— Я слышал, в девичьем корпусе значительно поредело, — наконец усмехаюсь, чтобы Курильщик понял, что ему не обязательно произносить свой вопрос вслух. Не заметить того, с какой неприязнью он смотрел на Рыжую, мог только незрячий. Нетрудно было догадаться, как сильно она ему не нравилась. Вижу, как Курильщик кивает в нерешительности, но больше ничего не говорит. Единственное, что мне остаётся, чтобы не оглохнуть от давящей на уши тишины, продолжить разговор:
— Не переживай, это продлится не долго. Скоро выпуск, а там дальше…
Вот только теперь неожиданно замолкаю я. «А там дальше» что? Изнанка? До этого момента я даже как-то не рассматривал других вариантов развития событий, потому что на Той стороне чувствовал себя даже лучше, чем в Доме, не считая лёгких головных болей. То место и было моим домом. А теперь, после того как Мираж, никаким образом к Дому не привязанная, тоже оказалась Там, в мою душу начали закрадываться сомнения. Могло ли случиться так, что Изнанка откажется меня принять?
Курильщик молчал, покорно ждал, пока я закончу начатое предложение, но резко пришедшее осознание накрыло меня с головой и даже немного сбило с толку, совершенно выбивая из колеи. Я больше не собирался ничего ему говорить. Ему потребовалось несколько мучительно долгих секунд, чтобы это понять, но в конце концов он это сделал. Между нами снова повисла тишина.
Я прекрасно понимал, насколько нечестно поступаю по отношению к Курильщику, но ничего с собой поделать не мог. Наверное, стоило что-то ему сказать, как-то отвлечь, перескочить на другую тему, а я вместо этого лишь молча толкал его коляску. Впервые в жизни коридор от Четвёртой до Коффейника казался мне настолько длинным.
— Я слышал о том, что случилось с твоей сестрой, — неожиданно говорит Курильщик. Я напрягаюсь. В Изнанку он не верил, и на одно мгновение мне даже стало интересно, что именно он мог слышать о Мираж. И от кого, — с ней всё хорошо?
— Да, всё отлично, — бессовестно вру. Ничего такого я не слышал, знал лишь, что она лежит в Могильнике. Как бы Стервятник не брыкался, её всё равно не оставили в спальне. И всё, больше ничего.

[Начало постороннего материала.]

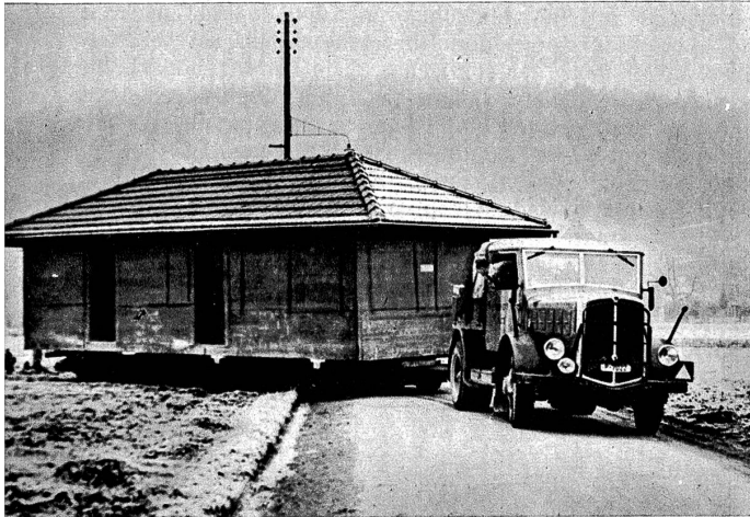
Wenn der Baumeister die Scholle betritt, so muss der Pflanze weichen. Aus diesem Grunde wurde letzte Woche das 10 m lange Pflanzhaus der Firma Dr. Wander AG. vom Liebfeld nach dem neuen Areal im Steinhölzli transportiert

lungen gelingen könnten. Dass sie zunächst lokale, dann weiter führende Durchbrüche erzwingen und mit dem Sinken der Waage zu ihren Gunsten auch grössere und zuletzt ähnlich grosse Gefangenmassen einbringen müssten. Und wenn die ersten Wochen des deutschen Angriffes im Blitztempo vor sich gingen, würden die Russen in den letzten dieses Tempo erreichen. Das sind nicht einfach «Prophezeiungen», sondern Ergebnisse logischer Ueberlegungen.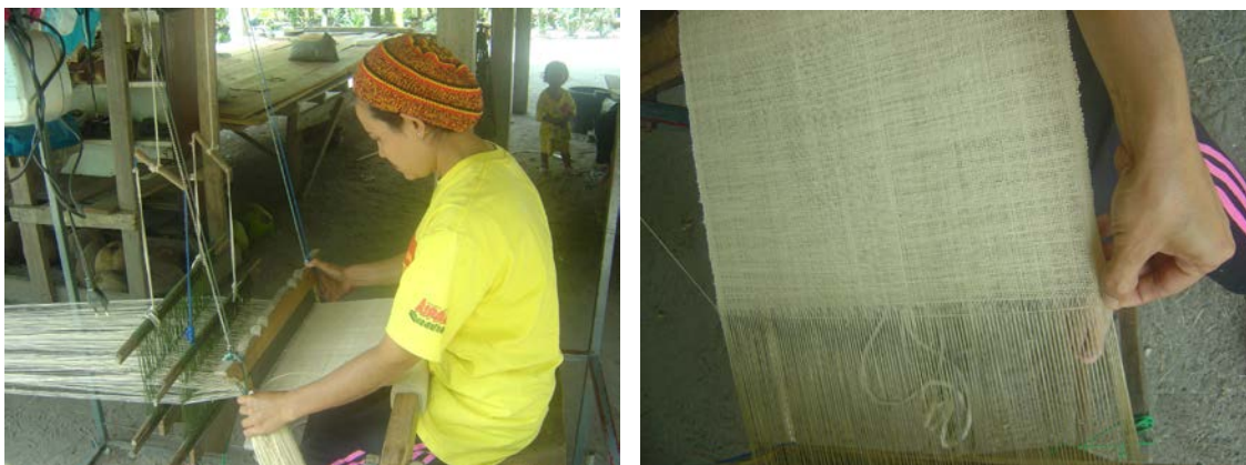
ภาพที่ ๑๘ การทอเส้นลาน (วะ)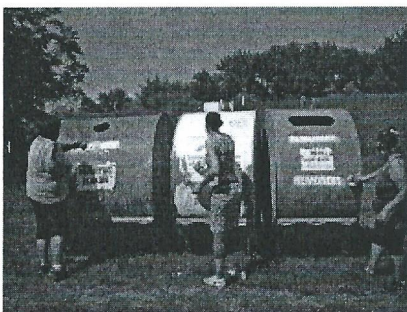
szelektív hulladékgyűjtő takarítás 003.jpg 3561K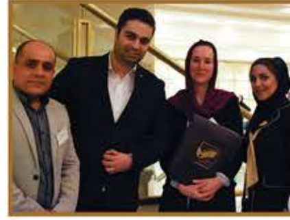
اتاق بازرگانی و صنعت، معدن و تجارت در معیت مهمانان محترم از سمت دولت آلمان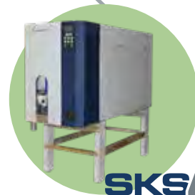
SKS4 VAPEUR À VAPEUR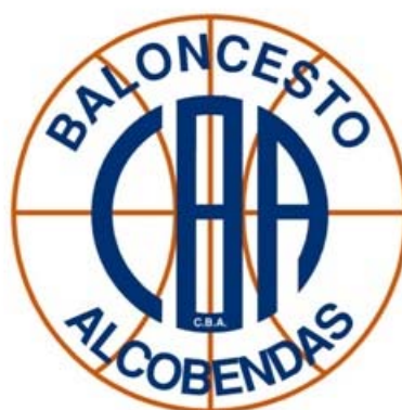
FUNDAL ALCOBENDAS 'C'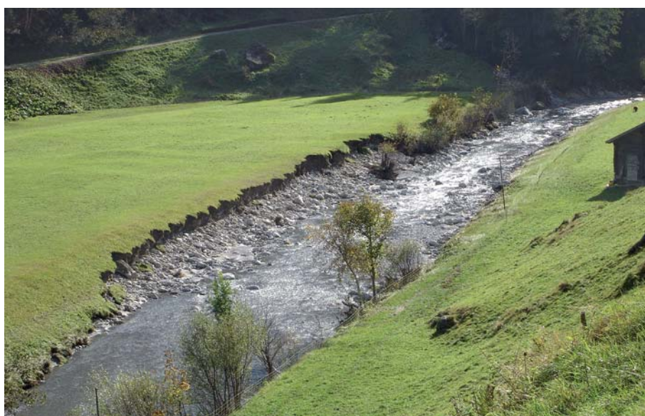
Bild 4. Ansicht auf den unteren Abschnitt der künftigen Flussrevitalisierung Fuhren-Süd. Das Hochwasser vom 10.10.2011 hat bereits erste ökologische Arbeiten in diesem Abschnitt vorweggenommen.

dere für Seeforellen, Groppen und Bachforellen, erwartet. Zusätzlich werden bei der Planung die Lebensraumansprüche von Eisvogel, Amphibien und Reptilien berücksichtigt.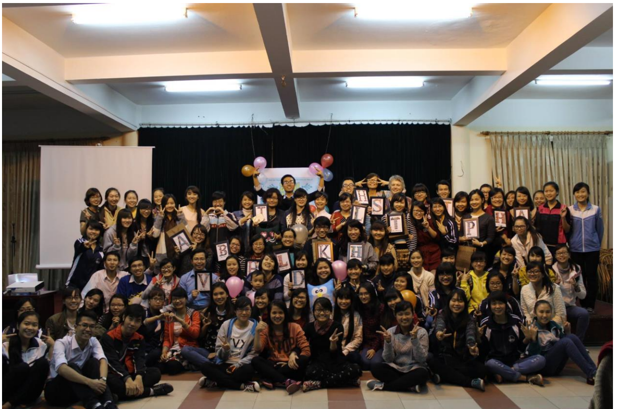
Khoa Sư phạm tiếng Anh luôn tổ chức rất nhiều hoạt động dành cho các bạn sinh viên năng động thể hiện mình.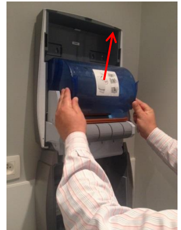
4. Open de bovenste hygiëneklep.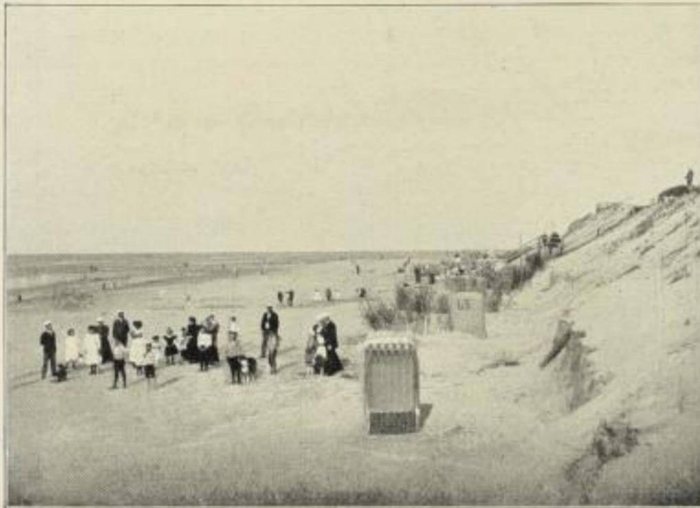
Blatt 1: EBBE

На самом деле, от одной только мысли о том, что она сейчас Там, а я здесь, меня начинает тошнить. Не думаю, что это зависть или ревность. В конце концов, с Изнанкой я связан намного сильнее, чем Мираж, а её прыжок, я уверен, не больше, чем случайность или незначительная ошибка. Хотя, внутри всё равно что-то неприятно скребёт, заставляя раз за разом мысленно возвращаться к этому недоразумению. Но виду я стараюсь не подавать, и облегчённо вздыхаю, когда замечаю распахнутую дверь переполненного людьми Коффейника.

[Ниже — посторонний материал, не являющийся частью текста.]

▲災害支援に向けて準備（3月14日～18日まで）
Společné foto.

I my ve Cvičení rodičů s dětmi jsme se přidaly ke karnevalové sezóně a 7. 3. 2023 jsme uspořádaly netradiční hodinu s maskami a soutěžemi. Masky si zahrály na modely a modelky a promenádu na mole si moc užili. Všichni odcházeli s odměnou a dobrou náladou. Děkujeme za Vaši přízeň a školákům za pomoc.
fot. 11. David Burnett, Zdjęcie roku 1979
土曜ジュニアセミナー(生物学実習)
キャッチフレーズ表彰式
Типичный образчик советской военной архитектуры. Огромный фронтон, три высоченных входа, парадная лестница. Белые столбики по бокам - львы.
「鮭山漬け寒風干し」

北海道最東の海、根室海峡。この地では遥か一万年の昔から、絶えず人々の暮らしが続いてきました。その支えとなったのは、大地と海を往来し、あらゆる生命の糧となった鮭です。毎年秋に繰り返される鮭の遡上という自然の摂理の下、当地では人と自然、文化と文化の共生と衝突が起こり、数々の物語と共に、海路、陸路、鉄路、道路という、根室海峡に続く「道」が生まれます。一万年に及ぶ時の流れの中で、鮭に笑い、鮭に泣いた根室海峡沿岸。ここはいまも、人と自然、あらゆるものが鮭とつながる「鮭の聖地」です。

Народу там действительно много, и приходится приложить определённые усилия, чтобы протолкнуться к свободному столику. Он ютится в самом углу и кажется таким маленьким, что за ним едва могут уместиться хромой калека и колясник. Кругом снуют неугомонные Бандерлоги и Крысы, перекрикиваясь и переругиваясь между собой, что, впрочем, является привычной для них манерой общения. Кто-то задевает меня локтем, и если бы сейчас я опирался на костыль, а не на коляску Курильщика, то точно повалился бы на пол.
В целом, когда мы наконец уместились за этим несчастным столом, я понял, что нас практически не видно. Возможно, Кролик нас даже и не заметит, и я останусь без кофе. Вставать и подходить к стойке самому мне совершенно не хотелось, к тому же, я не был уверен в том, что какой-нибудь Лог не укатит Курильщика, впоследствии выкинув в окно, пока меня не будет рядом. Какое-то время мы молчали.
— Куда ты собираешься после Выпуска? — он интересуется тихо, осторожно, словно уже успел задать этот вопрос кому-то другому и сильно за это получил.
— Не твоё дело, — огрызаюсь. Почему-то от его вопроса, такого простого и безобидного, к моей ноющей в висках головной боли примешиваются воспоминания о прошлом выпуске. Всё становится таким ярким и чётким, словно я снова стою посреди залитого чужой кровью коридора, в то время как Макс (или это был всё-таки Рекс.?) тянет меня за рукав, призывая уйти. Та ночь осталась на каждом из нас несмываемым алым пятном, добавляя новых травм к щедрому букету уже имеющихся. О том дне не принято говорить.
Курильщик смотрит на меня огромными, потерянными глазищами. От одного взгляда на него мне становится даже как-то стыдно за то, что я так резко ему ответил. В конце концов, откуда ему знать о прошлом Выпуске и о правилах, которые мы приняли, об уроках, которые мы извлекли? Он такого обращения не заслужил.
Мы замолкаем, и это молчание получается долгим и тяжёлым, каждый полностью погружается в свои мысли. Я думаю о том, что прошлой ночью видел Стервятника.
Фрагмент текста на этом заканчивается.